Amendment 52 proposes that as soon as claimants are awarded ESA by virtue of mental illness, they should immediately be referred by the jobcentre to the local IAPT service for assessment and treatment—unless they are so ill that they need to be referred to step 4 care, in which case they should be referred to secondary services. The proposal does not involve compulsion. It says that the claimant should be offered assessment and treatment.
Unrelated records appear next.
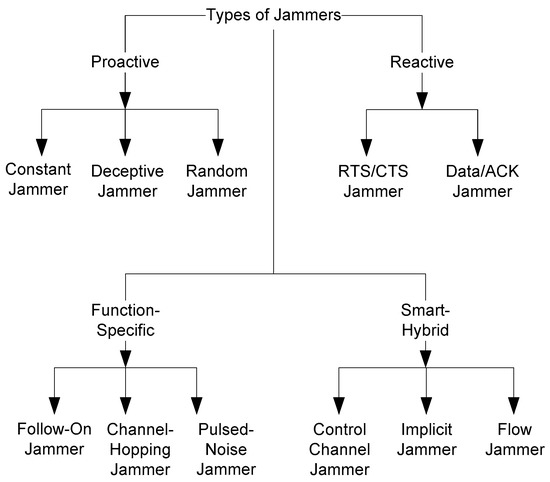 Function-specific jamming—Follow-on, channel-hopping, and pulsed-noise jammers belong to this category. Function-specific jamming methods are implemented using predetermined functions [7,8,9]. They can work as either a reactive or a proactive jammer.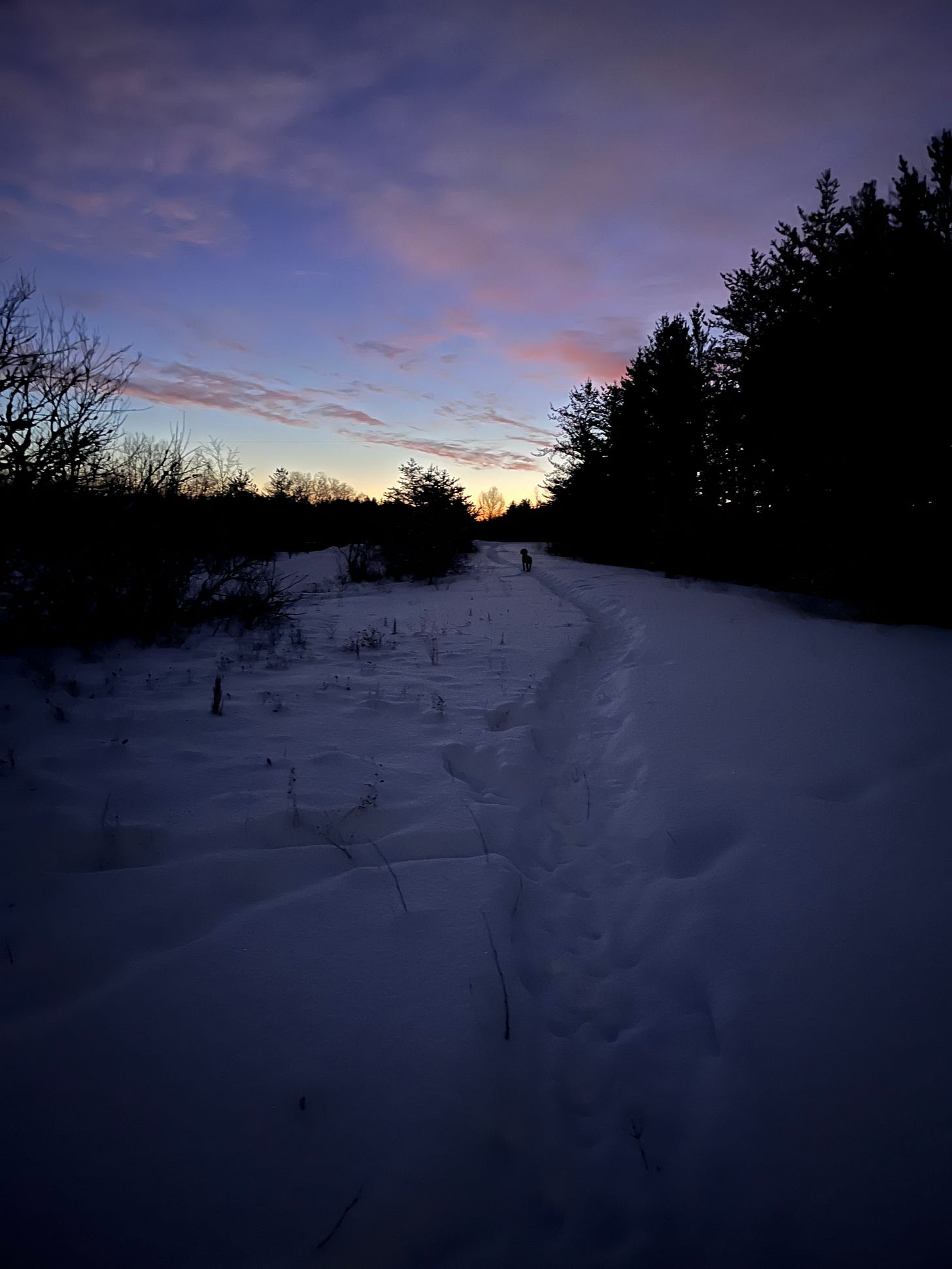 This one is about the difference between my story and yours. As defined (here in the middle of Canada in the middle of winter) by the small circular light thrown by my toque. As I try not to get hay in my nose and willow branches in my eyes.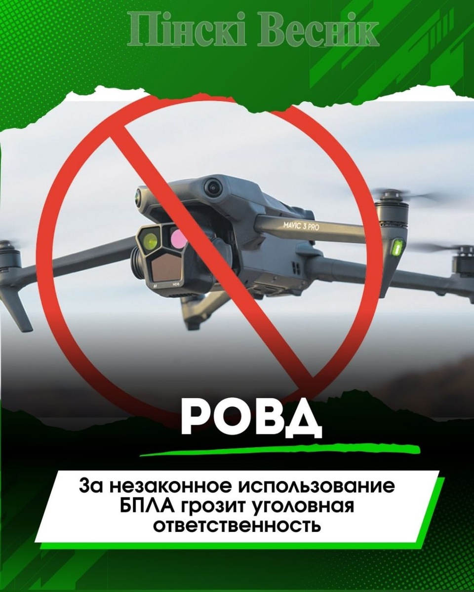 ✏️С 1 ноября 2025 года в Беларуси вступили в силу серьёзные изменения в законодательстве об использовании воздушного пространства. Что важно знать: Появилась новая статья в Уголовном кодексе (ст. 300¹) — «Незаконные действия в отношении гражданских беспилотных летательных аппаратов и авиамоделей». ☑️ Установлена административная ответственность за незаконный ввоз, хранение, оборот, эксплуатацию или изготовление дронов. ☑️Уголовная ответственность наступает, если нарушение совершено в течение года после административного взыскания за аналогичное нарушение. Возможные наказания: 🟦Штраф 🟦Общественные или исправительные работы 🟦Арест 🟦 Ограничение или лишение свободы на срок до 2 лет Будьте законопослушны: регистрируйте БПЛА, получайте необходимые разрешения и соблюдайте правила полётов. @Пинский Вестник 📱Ютуб 📱ВК 📱ИНСТАГРАМ 📱ОК 📱ФЕЙСБУК 📱ТИК ТОК Прислать новость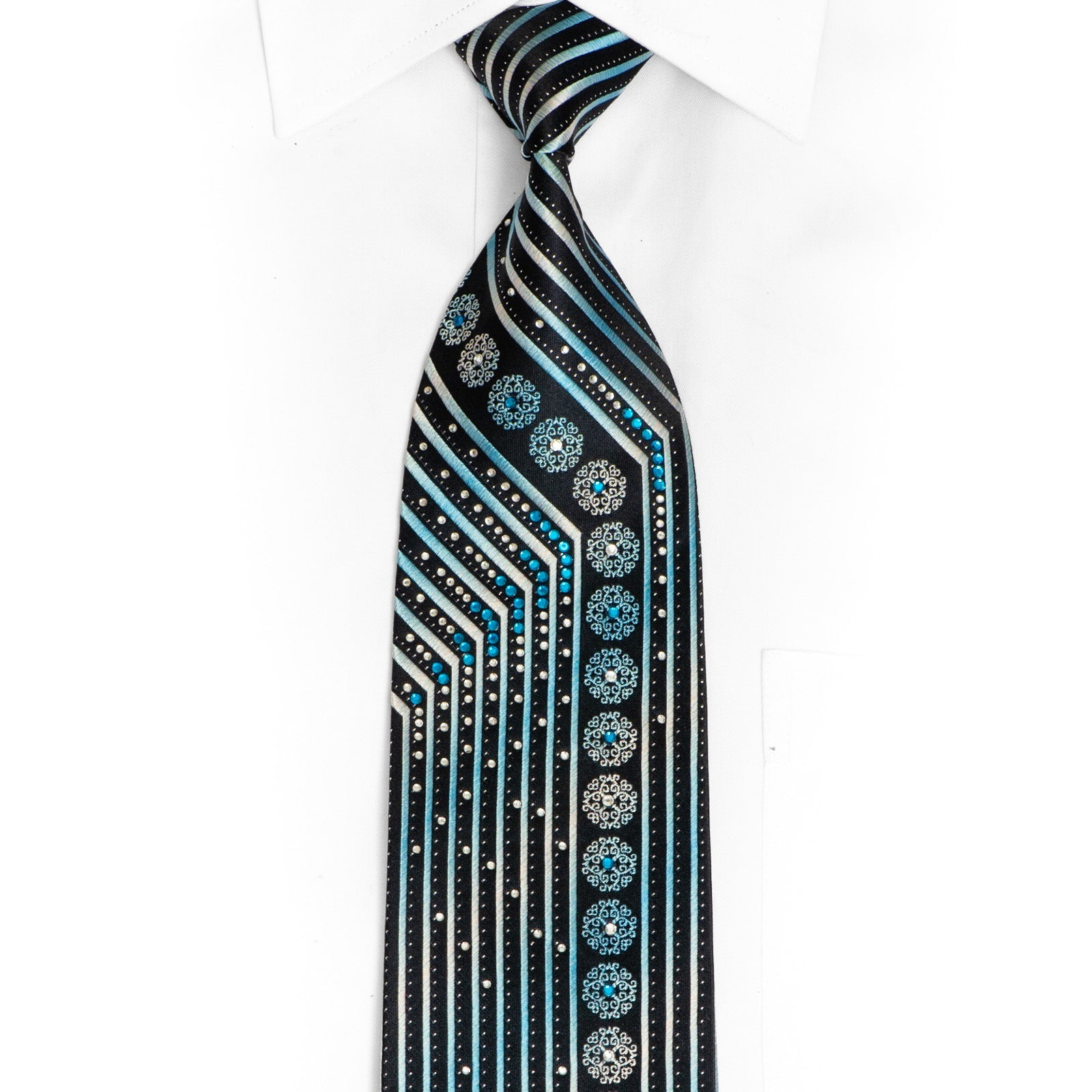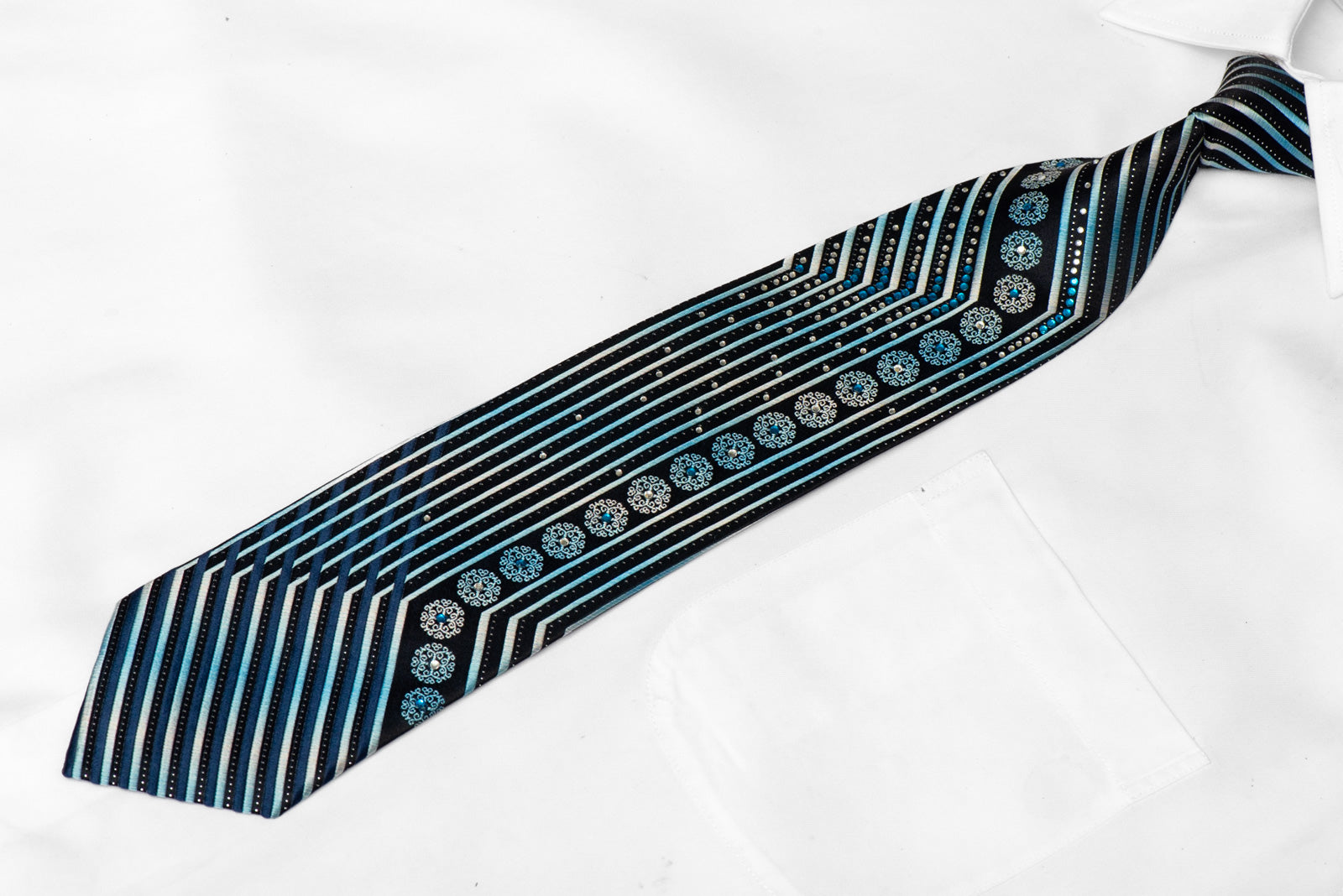 Material - SilkDesign - StripedColor - BlueLength - Classic (48 in.-60 in.)(145cm-153 cm)Width - Classic (3 1/4 in.-3 3/4 in.)(8 cm-9.5 cm)Special Features - Rhinestones, Silver Sparkles

However, if this is organised in a friendly way which assumes that this is simply what happens next, most claimants would accept it—though they should be offered the opportunity to say no.

Let me review a number of possible problems that have arisen in the discussion of this proposal—the proposal is not new. First, why is the referral to a psychological service rather than to something else? The answer comes of course straight from the NICE guidelines. Those say that all people with depression and anxiety disorders, which are the most common forms of mental disorder, should be offered modern, evidence-based psychological therapy. Clearly, that is what we need to bring about. The secondary mental health services are too busy with people who are more severely ill to be able to provide that to the vast body of people suffering from depression and anxiety disorders. That is the reason why IAPT was created and why it should have a key role in helping mentally ill people to get better and back into work. People can self-refer into IAPT, so there is no problem in having the jobcentre facilitate that without delay.